The Feb. 20 premiere of “The Hunting Ground” was an important and valuable continuation of the conversation about sexual assault that started on campus last year. The documentary follows two sexual assault victims and the resistance they faced navigating their school’s assault reporting procedures.

The decision by professor Timothy Barnard, director of the Global Film Festival, to bring the film to Williamsburg serves as important recognition of an issue that pervades college campuses. Screening the film at the Festival was a feat requiring a significant investment of time, energy and resources. Bringing the film’s protagonists Andrea Pino and Annie Clark to campus was a tangible achievement for the Task Force on Preventing Sexual Assault and Achievement. The teamwork involved to ensure the premiere’s success was a testament to the work being done, and that still needs to be done, to address the issue of sexual assault on college campuses.

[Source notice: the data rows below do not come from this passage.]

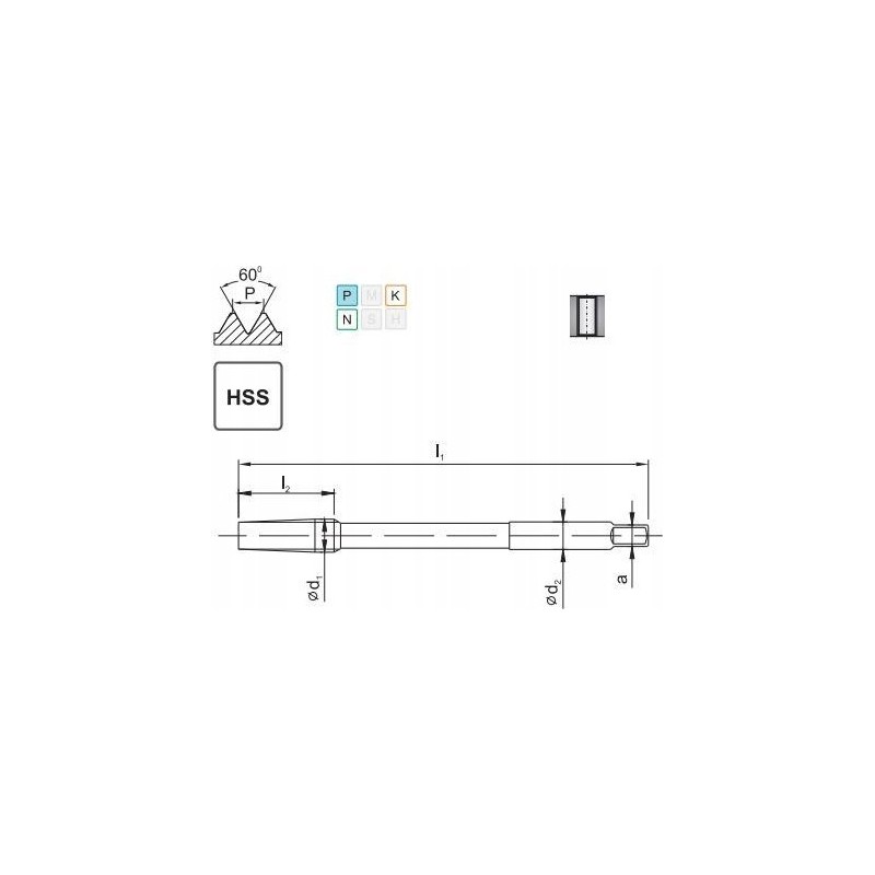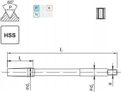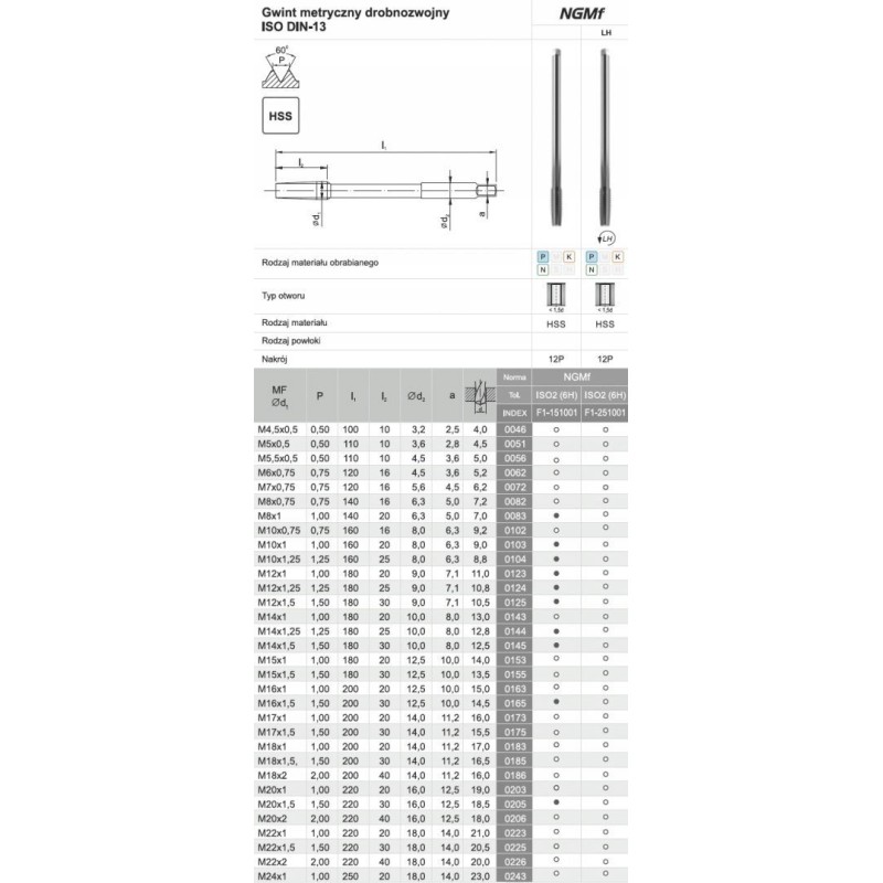 Der Maschinengewindebohrer NGMF mit metrischem Feingewinde ist für die Herstellung von Muttern vorgesehen, kann aber auch zur Herstellung tiefer Durchgangsbohrungen verwendet werden. Das Material, aus dem der Gewindebohrer gefertigt ist – hochleistungsfähiger Schnellarbeitsstahl – zeichnet sich durch eine hohe Verschleißfestigkeit aus. Die Behandlung im Vakuumofen gewährleistet eine hohe Härte des Werkzeugs bei gleichzeitig guter Zähigkeit. Der Gewindebohrer eignet sich ideal für die Bearbeitung von Automatenstahl, Baustahl, Aufkohlungsstahl, kohlenstoffhaltigem und niedriglegiertem Baustahl sowie Stahlguss.
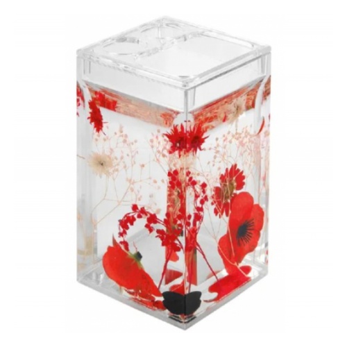 Яркий красный стакан для зубных щеток сделает интереснее интерьер любой ванной. Полимерный материал акрил, из которого сделана данная модель, отличается ударопрочностью и долговечностью. В качестве наполнения использованы минеральное масло, натуральные или искусственные компоненты.
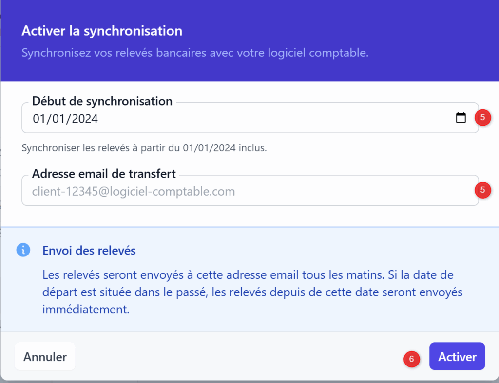 - Si vous choisissez une date dans le futur, la synchronisation commencera à envoyer des CODA à partir de cette date future.

Additionally, the decision to address such a critical issue during the introduction of the revamped film studies program underlines the importance of awareness. For a relatively new program to choose to address such a stigmatized issue highlights the issue itself, and also the importance of the department. The Global Film Festival has justified itself and the need for the new film studies major through its creative approach to this relevant issue. Screening the film was not only productive for students, but also for a campus community in which addressing sexual assault has become a lengthy and difficult task. Simply continuing the conversation instead of letting it fade with the publicity of specific incidents, such as the Sigma Chi letter, is an important use of time and effort.

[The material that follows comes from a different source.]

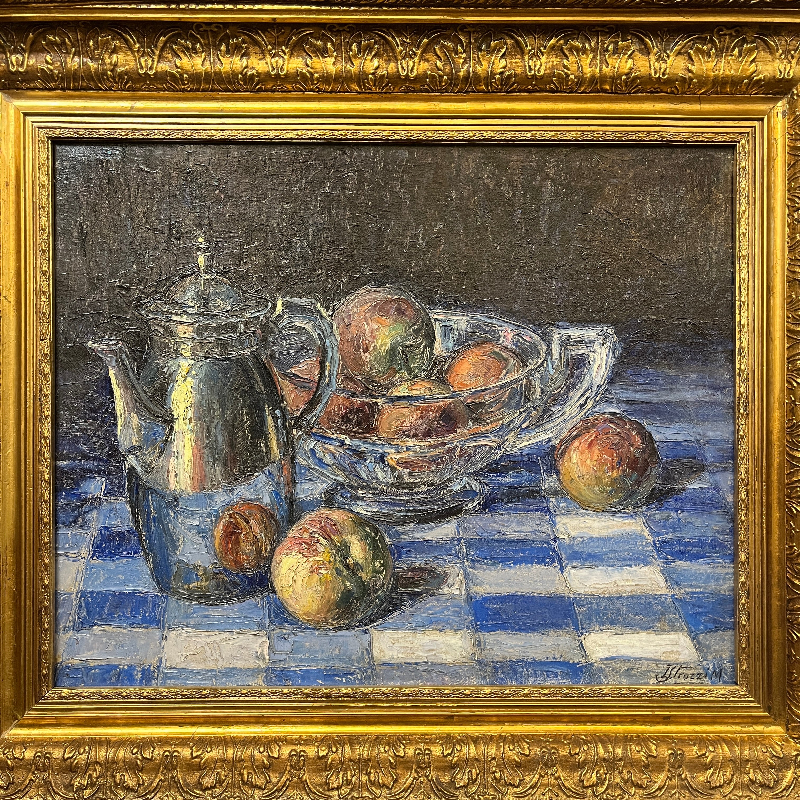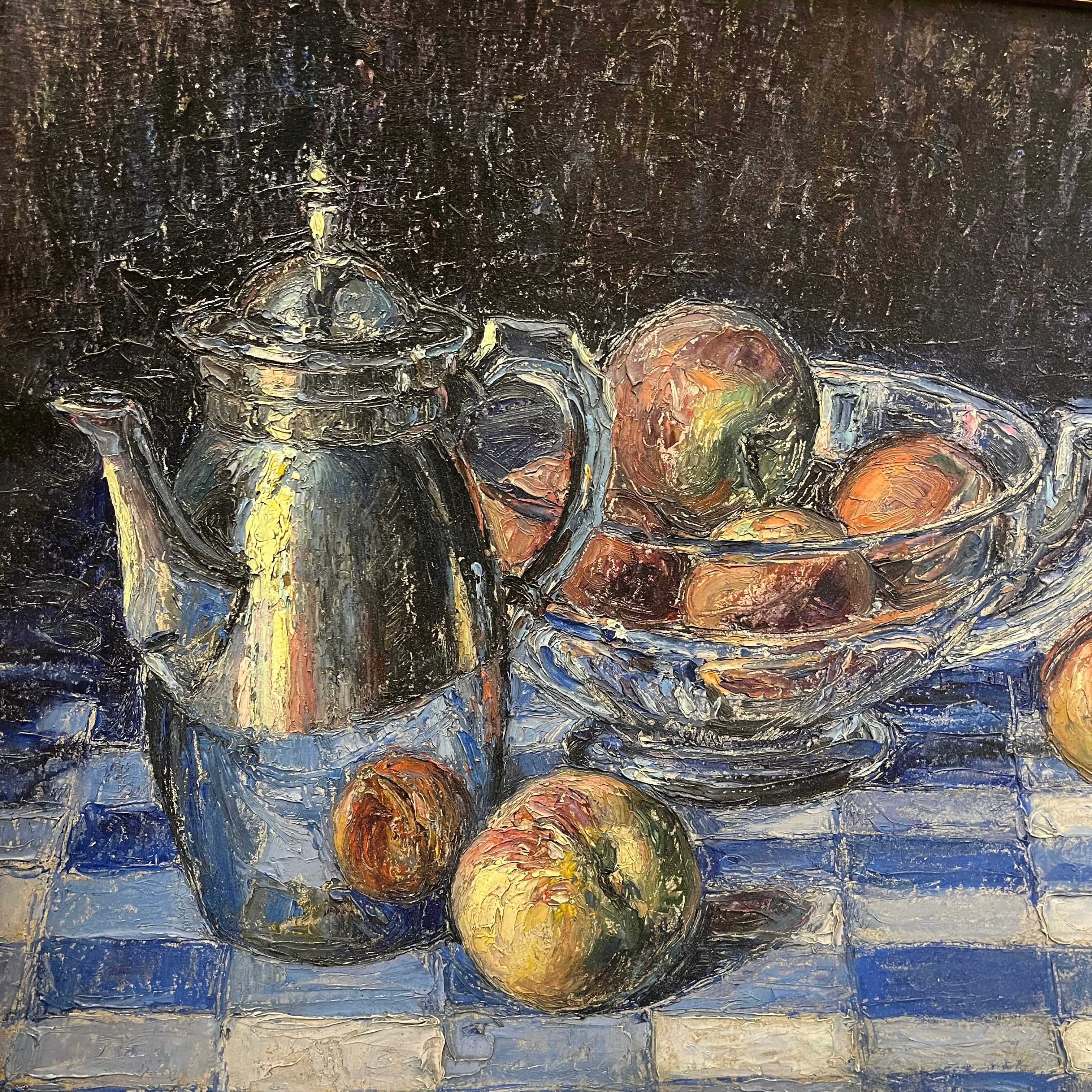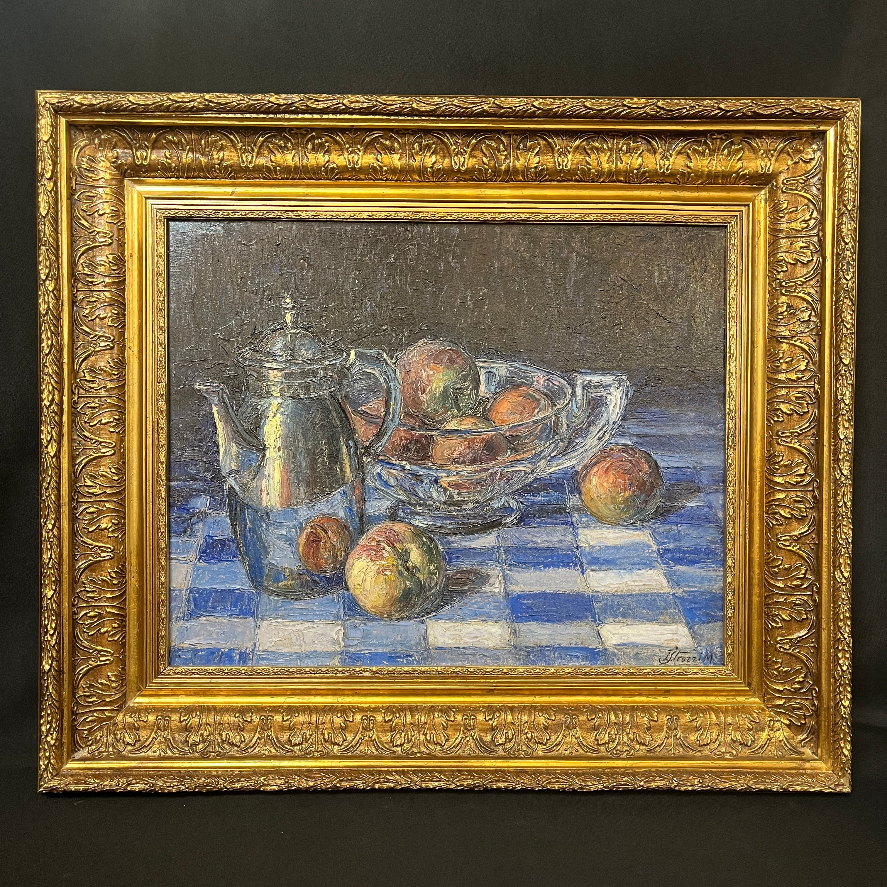 Esta obra del artista chileno Luis Strozzi (1891-1966), es un bodegón de frutas y objetos reflectantes como vidrio y metal, lo que genera un fascinante juego de dimensiones y texturas. El contraste de colores entre amarillos y azules arman una pieza equilibrada y agradable.

Aside from the much-needed continuation of the sexual assault conversation, “The Hunting Ground” shows the unique impact that film can have on creating and shaping dialogue on important issues. It offers a personal perspective that many community members might not ordinarily experience. A significant problem in combatting sexual assault and its many related topics on college campuses is the lack of awareness many people have. Film has the power to address social experience from a variety of perspectives that are not attainable through resolutions and committees.

The presence of administrators, faculty, police and students at the screening attests to its importance in shaping how our community addresses sexual assault.  The premiere of “The Hunting Ground” was an educational opportunity for the entire community, one that we hope sets a precedent for campus programs to embrace pertinent issues in new and innovative ways.